My preferred society (in a Rawlsian setting) might not actually have much voting at all, except on key constitutional issues. State and national political offices (parliaments, presidents etc) would be filled at random (in an analogue to jury service) and for a limited time period. After the victims had passed a few laws and a budget, they would be allowed to go home again. No-one would give a damn about gaffes, going off message, or the odd sex scandal, because it would happen all the time, and have very limited impact. I think there would also need to be mandatory citizen service on boring committees, local government roles, planning permission and drainage enquiries etc to stop professional civil servants, lobbyists or wonks ruling the roost: the necessary tedium would be considered part of everyone's civic duty. This - in my opinion - is probably the biggest problem with politics. Much of it is so dull, or soul-destroying, that no-one with any sense wants to do it, so it is left to those without any sense.
Self-assessed welfare isn't cleanly separable from ideology. People aren't strict happiness maximizers; we value all sorts of abstract things, many of which are linked to the social systems and identity groups in which we're embedded. Sometimes this ends up looking pretty irrational from the outside view, but from the inside giving them up would look unattractive for more or less the same reason that wireheading is unattractive to (most of) us.

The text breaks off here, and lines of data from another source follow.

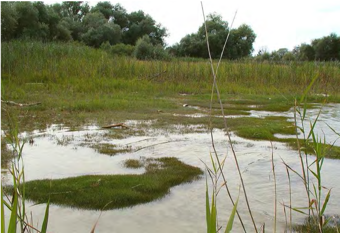
Abbildung 2: Blick auf die Strandlingsfluren mit Littorella uniflora in den Überschwemmungsbereichen des Bodenseeufer.

Einige mächtige Einzelexemplare kennzeichnen besonders die ufernahen Teile. Besonders bemerkenswert ist die Entwicklung von Hartholzauen aus Heckenbeständen. In der gesamten Fläche treten zahlreiche gefährdete Arten auf, von denen einige nur auf das Bodenseeufer beschränkt sind.
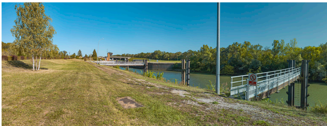
Le site d'écluse vu d'aval.
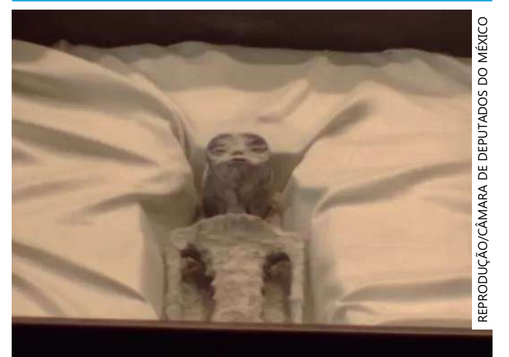
Supostos corpos de extraterrestres foram exibidos no Congresso do México

algo em torno de mil anos de idade. O ufólogo afirma que os cadáveres não foram encontrados em naves, mas sim sepultados. Segundo ele, o local do sepultamento foi fundamental para a preservação dos corpos, que permaneceram íntegros e dissecados.
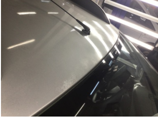
Tavan, Tavan > Boyası Atmış
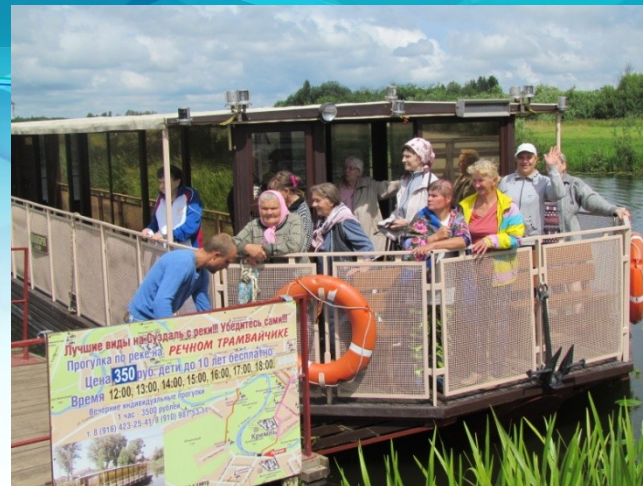
Прогулка на речном трамвайчике по реке Каменка
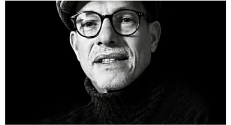
Repasando a Petro Cambio Colombia
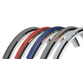
Opona do wózka inwalidzkiego ręcznego KENDA

Now, this does drift over time, both on a sort of random walk and in response to environmental pressures, which is what allows things like sexual revolutions to happen. During phase changes in this space, the affected social dichotomies are valued primarily in terms of avoiding social costs; that's the usual time when they're a salient issue instead of just part of the cultural background, and so it's easy to imagine that that's always what drives them. But I don't think that's the case; I think there's a large region of value space where they really are treated as intrinsic to welfare, or as first-order consequences of intrinsic values.
Thanks again. I'm still not sure of the exact point you are making here, though.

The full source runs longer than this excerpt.